Defining What a Scholar Does ~ Praxis Habitus - On Race Religion & Culture

Monday, May 4, 2009

Defining What a Scholar Does

Read a post by Amanda French, not quite an English Professor (yet), but still a "scholar."

Amanda French is seeking a tenure-track position. Until then, she considers herself largely undefined. She writes, "Recently I’ve claimed 'digital humanist,' though that term is arcane and hard to define. I define it as 'someone with a humanities degree who’s interested in computers.'”

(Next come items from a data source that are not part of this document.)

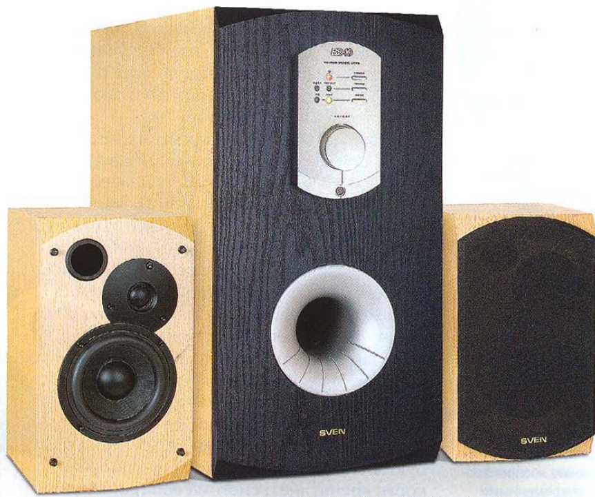
▲ SVEN B2-10

эт профессиональных и самодостаточных музыкантов, которые решили играть вместе. Громкость звука весьма приличная, но порой низкочастотный звук выводит JBL duet из спокойного состояния, и система искажает звучание. Также небольшие проблемы возникают у колонок с высокими нотами: они начинают пищать, отчего приходится морщиться, но только при условии, что регулятор громкости стоит на максимуме, а это само по себе ненормально. Система JBL подкупает своей простотой: всего лишь один регулятор громкости, что объясняется правильной настройкой басов и тембра. Колонки удобно размещаются на столе благодаря длинному проводу, который соединяет их с компьютером. Во всех проявлениях
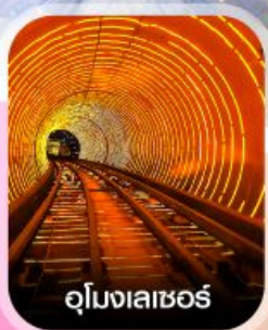
อุโมงเลเซอร์

✈️ คอนเฟิร์มออกเดินทาง ✈️ ทุกพีเรียด 2 ท่านขึ้นไป
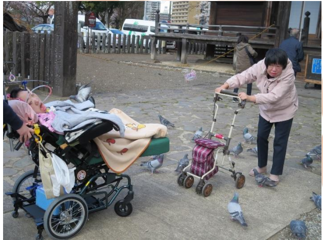
鳩がたくさん寄ってきたよ☆
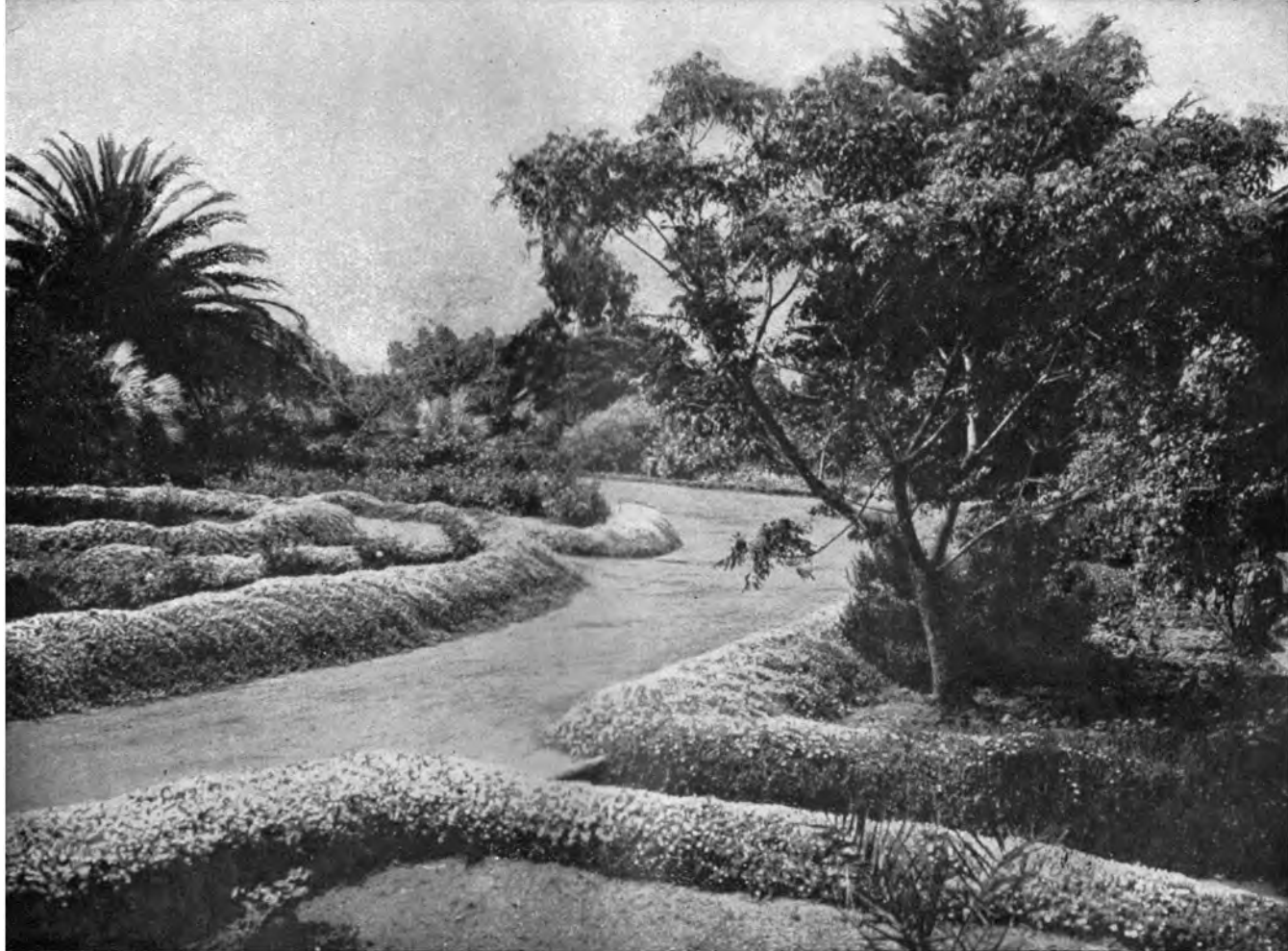
EINER DER STILLEN SPAZIERWEGE AM INTERNATIONALEN THEOSOPHISCHEN HAUPTQUARTIER ZU POINT LOMA, KALIFORNIEN

phd notesImage by Wrote via Flickr

So, she blogs about her identity.

In the midst of talking about her recent engagement blogging about Facebook's Terms of Service, Dr. French writes,
One label that I secretly like a lot and hope to deserve is “scholar,” and that’s what scholars do, I think: find out and tell the truth. Journalists do that too (ideally), but scholars get a lot more time to do it than journalists do, and scholars can seek out the truth about stuff that very few people care about at the moment.

We scholars, bless us, can be as verbose and sesquipedalian as we like, and we can duck the current daily frenzy and spend our days humming through frenzies long turned to dust. That was my very favorite part of graduate school. While I was writing my dissertation, I got my investigation on, big time. Such fun.


And then I also had fun finding a way to write the truth in a way that was accurate, fair, compassionate, and interesting.

The trick is always to balance the desire to be witty or shocking or alliterative or otherwise attention-grabbing with the mandate to be correct and thorough and just. Get out of balance one way, and you’ve got a tabloid; get out of balance another, and you’ve got a 1040 form. As a scholar, I want to be, oh, let’s pull a phrase out of the air, “engaging and authentic.”

Early science, particularly geometry and astro...Image via Wikipedia

And I think Dr. French makes observations in this post that I've wrestled with myself in my professional work.

Distinguishing between the "journalist" and the "scholar," she hits on the investment of skill and time put into ideas, questions, and issues beyond fleeting hot-button topics of the day. And the balance between "tabloid" and "1040" is spot on.

I'd like to think of myself as a "scholar" too. Despite the frustrations and misunderstandings, there is a satisfaction at being dedicated to the pursuit of truth and using that truth to expand the boundaries of our too-often-mundane humanity.

And beyond the technical achievement of producing knowledge, the goal of being "engaging and authentic" seems about right.